Appraisal of: Petrova M, Sutcliffe P, Fulford KW, Dale J. Search terms and a validated brief search filter to retrieve publications on health-related values in Medline: A word frequency analysis study. J Am Med Inform Assoc 2012; 19(3): 479–488.
The aim of the article is to present search terms (keywords) and a “brief” search filter to identify information on health-related values in Medline developed by using word frequency analysis. The purpose of the project is to support broad-scoping searches by “a brief search filter (≤20 lines) of high precision (≥67%) and acceptable sensitivity (≥67%) which can be used […] in generic medical and health databases (e.g., Medline, Embase, or Cinahl) and across a range of topics (e.g., health conditions, health settings, health interactions, etc.)”.
The article provides extensive information on the background as on health-related values defined by the authors and on word frequency analyses.

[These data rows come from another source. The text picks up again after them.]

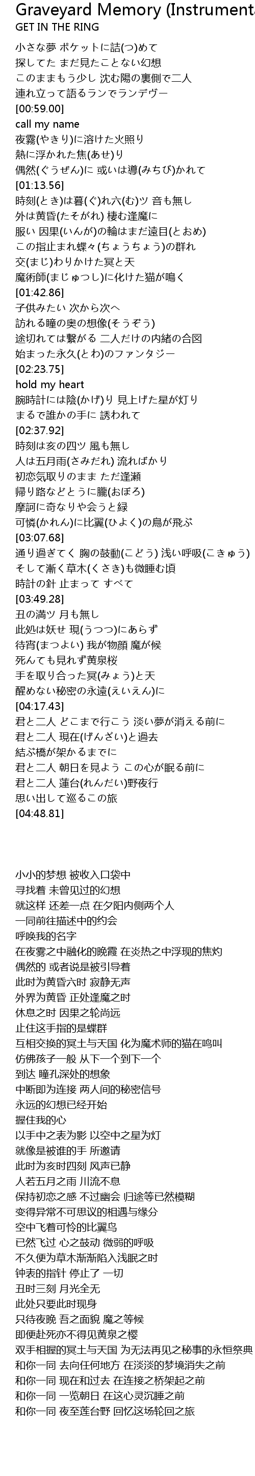 | [04:39.47] | 君と二人 蓮台(れんだい)野夜行 思い出して巡るこの旅 |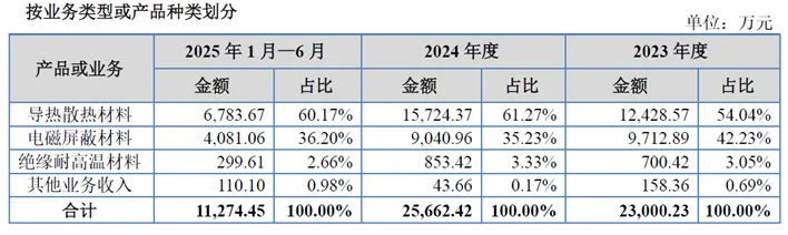 公司产品同时具有多种功能,按照其应用时的主要功能划分,可分为导热散热材料、电磁屏蔽材料和绝缘耐高温材料。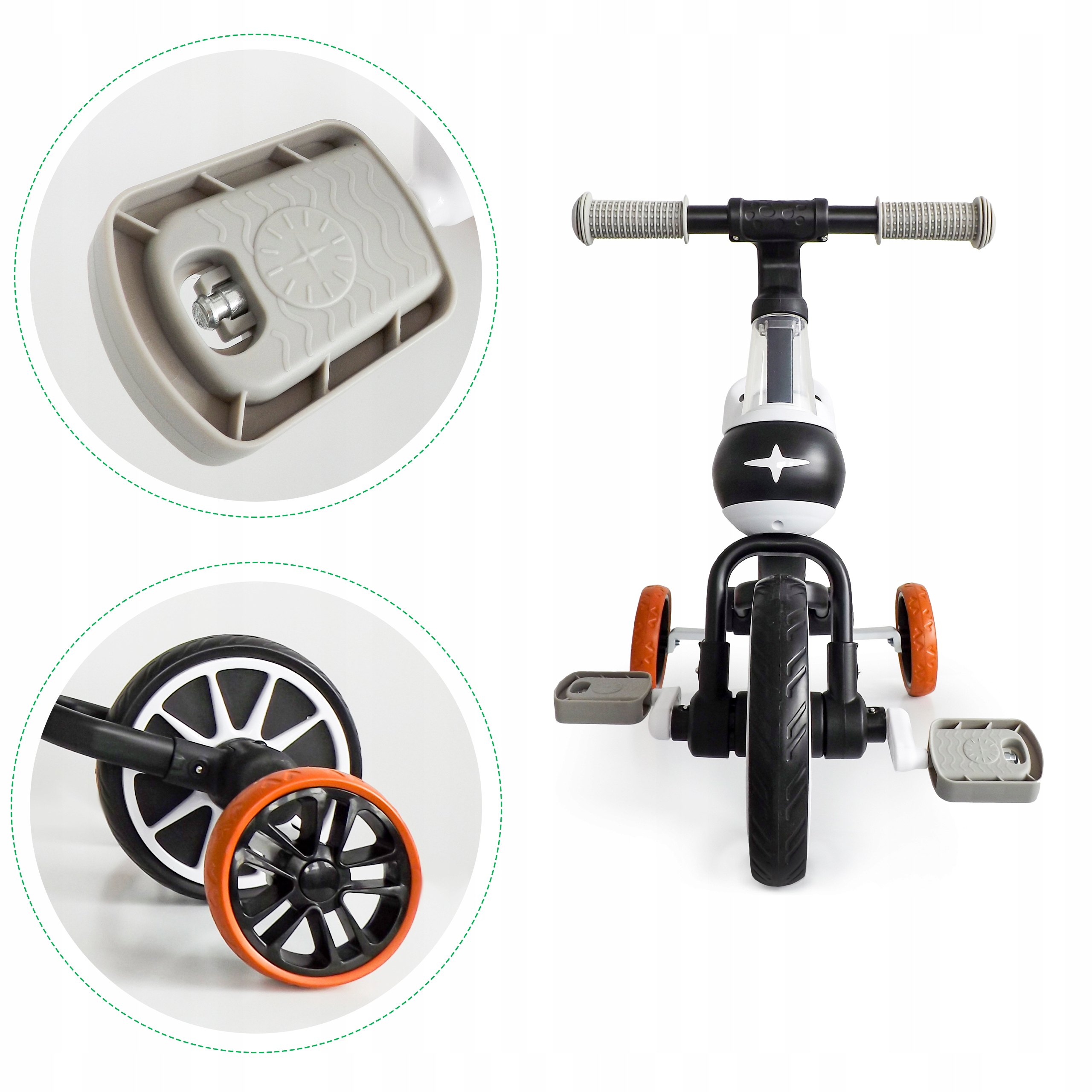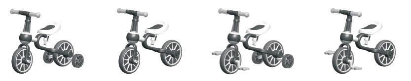 Спеціально розроблена конструкція велосипеда та регульована висота сидіннядозволяють адаптувати його функції до поточних потреб здібності дитини. Велосипед можна використовувати в 4 конфігураціях:

The application of this analysis in the conditions diabetes, dementia, schizophrenia and obesity resulted in a small overlap of relevant MeSH and free-text search terms (9 of 124 different MeSH terms (7.3%) and 4 of 144 different words (2.8%) were identified in all 4 conditions among the 50 “best” MeSH respective words in each condition). Applying the developed search filter in hypersensitivity and dentistry resulted in (authors defined) sensitivity of 70.1% (hypersensitivity) and 47.1% (dentistry), and precision of 63.6% (hypersensitivity) and 82.6% (dentistry).